# Exercise prompt
Take the listing from its first line through the line that contains "Por isso, a" and please retype those lines exactly, leaving out the pictures.

# Data supplied

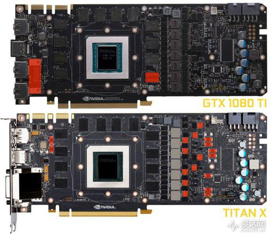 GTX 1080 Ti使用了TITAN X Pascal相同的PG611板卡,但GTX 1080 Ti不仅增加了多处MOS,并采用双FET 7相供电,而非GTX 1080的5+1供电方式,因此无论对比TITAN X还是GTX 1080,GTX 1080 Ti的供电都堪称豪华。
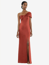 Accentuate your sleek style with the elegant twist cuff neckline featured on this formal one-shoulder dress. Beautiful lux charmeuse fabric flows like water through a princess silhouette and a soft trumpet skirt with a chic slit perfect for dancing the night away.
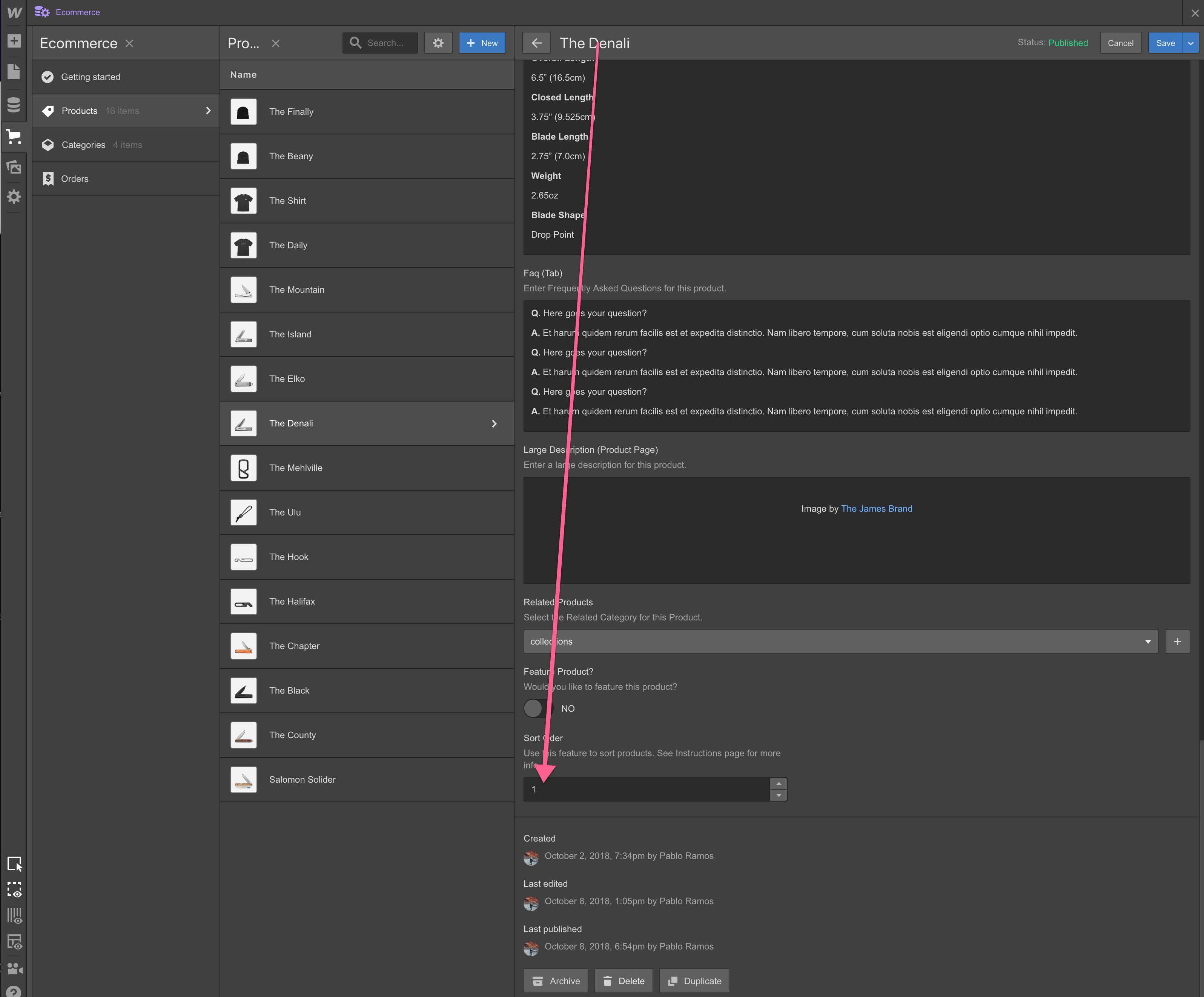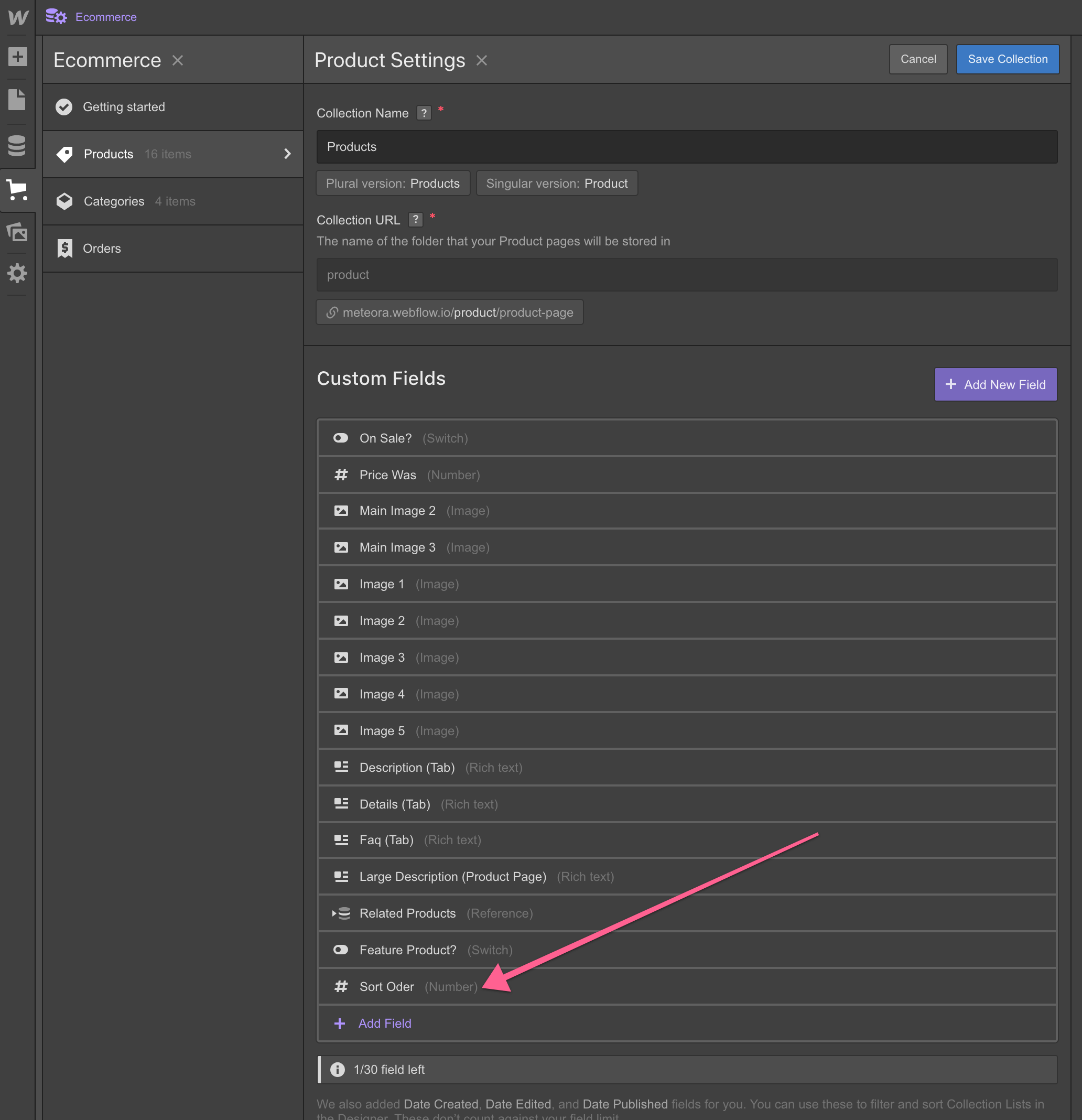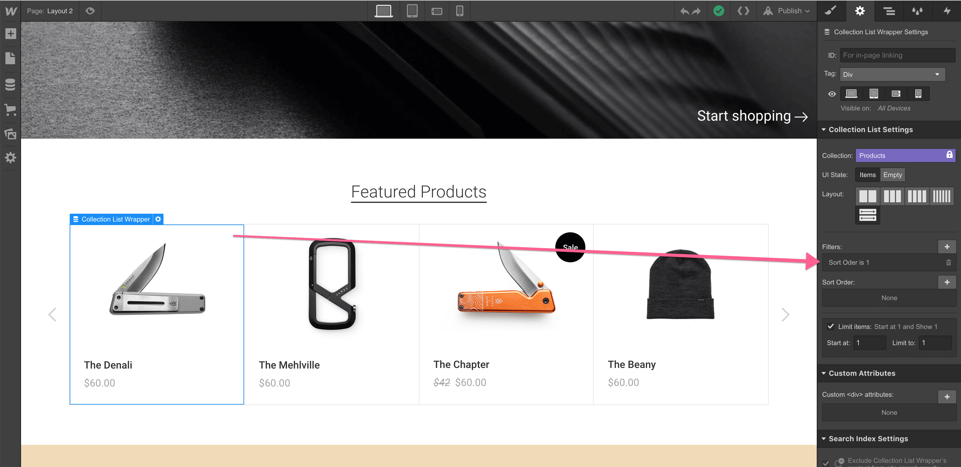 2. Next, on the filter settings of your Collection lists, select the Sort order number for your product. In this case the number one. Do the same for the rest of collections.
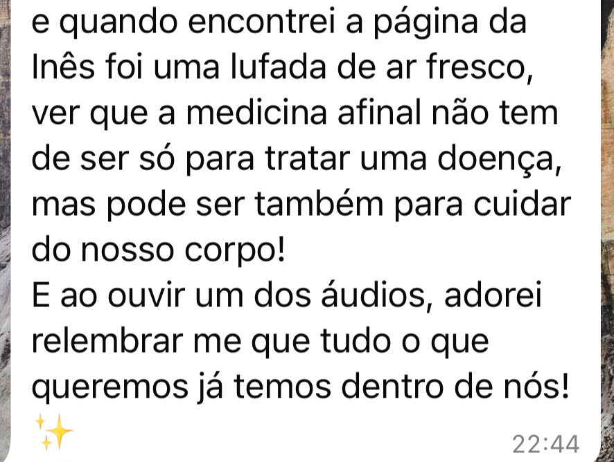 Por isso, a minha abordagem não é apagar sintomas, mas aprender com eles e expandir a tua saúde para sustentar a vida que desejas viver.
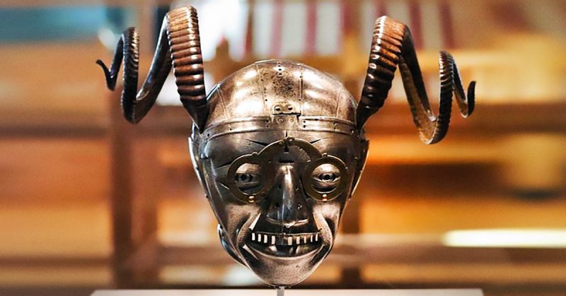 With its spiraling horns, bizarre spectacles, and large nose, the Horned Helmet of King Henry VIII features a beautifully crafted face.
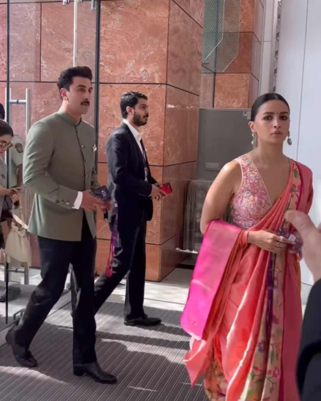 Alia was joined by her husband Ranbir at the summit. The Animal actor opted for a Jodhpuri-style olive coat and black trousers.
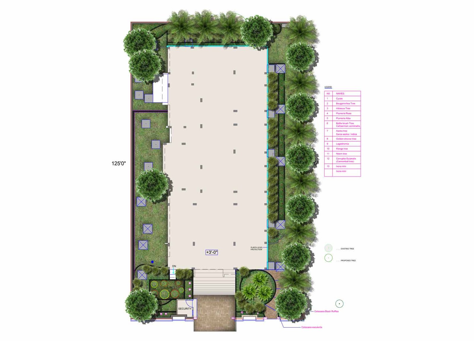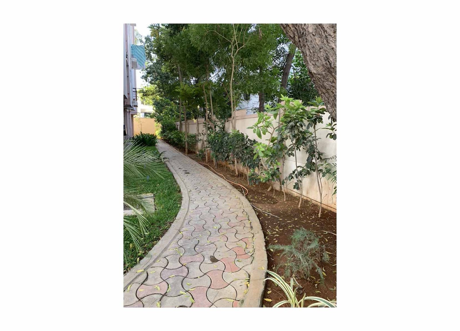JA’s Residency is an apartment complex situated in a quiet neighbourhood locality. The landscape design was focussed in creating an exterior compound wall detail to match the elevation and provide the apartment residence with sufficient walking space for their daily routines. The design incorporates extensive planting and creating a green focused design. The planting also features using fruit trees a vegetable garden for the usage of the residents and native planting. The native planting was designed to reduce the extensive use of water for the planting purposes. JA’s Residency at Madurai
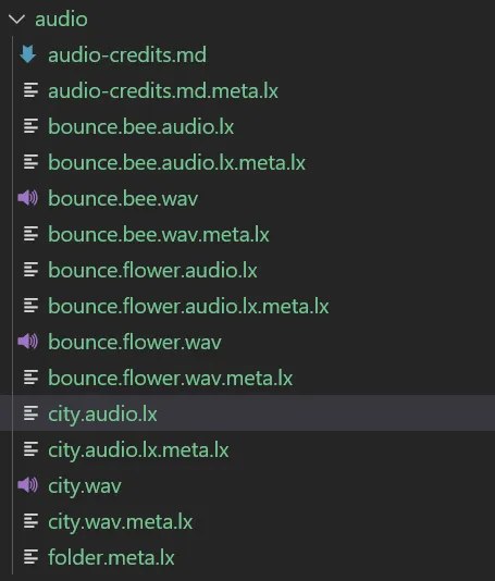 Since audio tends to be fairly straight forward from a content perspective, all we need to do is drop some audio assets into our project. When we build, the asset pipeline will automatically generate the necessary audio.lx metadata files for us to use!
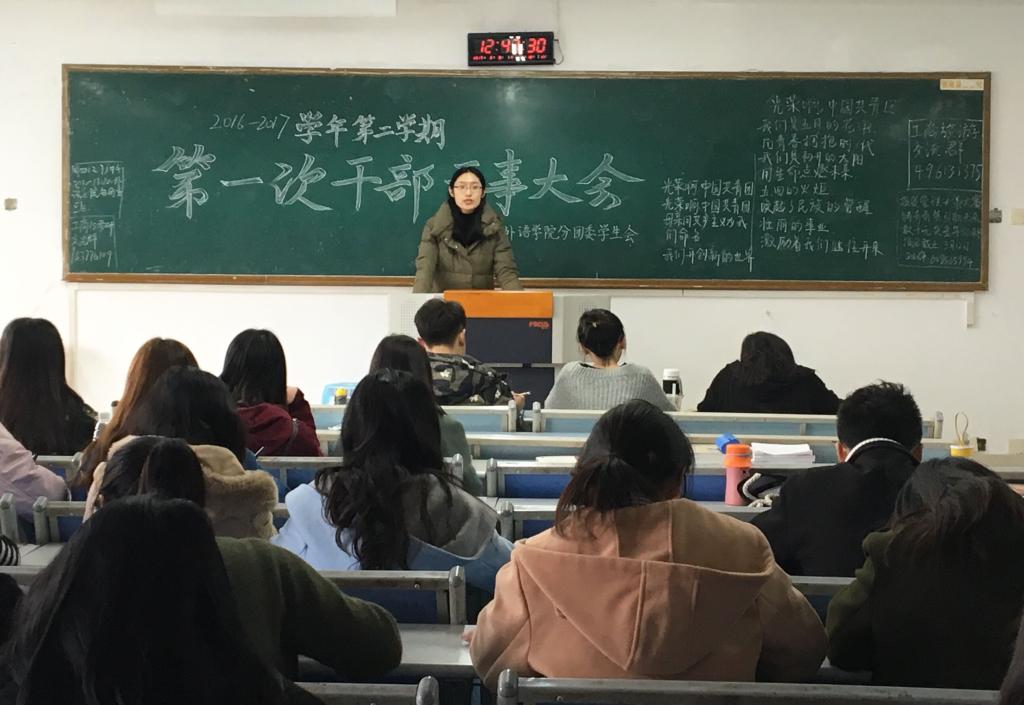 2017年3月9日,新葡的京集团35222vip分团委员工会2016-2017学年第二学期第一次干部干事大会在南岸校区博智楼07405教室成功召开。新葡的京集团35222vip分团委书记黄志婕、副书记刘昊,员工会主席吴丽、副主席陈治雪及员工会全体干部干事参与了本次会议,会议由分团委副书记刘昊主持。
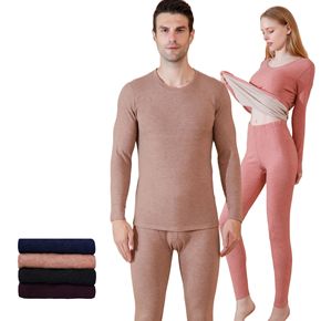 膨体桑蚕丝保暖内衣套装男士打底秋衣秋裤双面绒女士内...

# Exercise response
 GTX 1080 Ti使用了TITAN X Pascal相同的PG611板卡,但GTX 1080 Ti不仅增加了多处MOS,并采用双FET 7相供电,而非GTX 1080的5+1供电方式,因此无论对比TITAN X还是GTX 1080,GTX 1080 Ti的供电都堪称豪华。
 Accentuate your sleek style with the elegant twist cuff neckline featured on this formal one-shoulder dress. Beautiful lux charmeuse fabric flows like water through a princess silhouette and a soft trumpet skirt with a chic slit perfect for dancing the night away.
 2. Next, on the filter settings of your Collection lists, select the Sort order number for your product. In this case the number one. Do the same for the rest of collections.
 Por isso, a minha abordagem não é apagar sintomas, mas aprender com eles e expandir a tua saúde para sustentar a vida que desejas viver.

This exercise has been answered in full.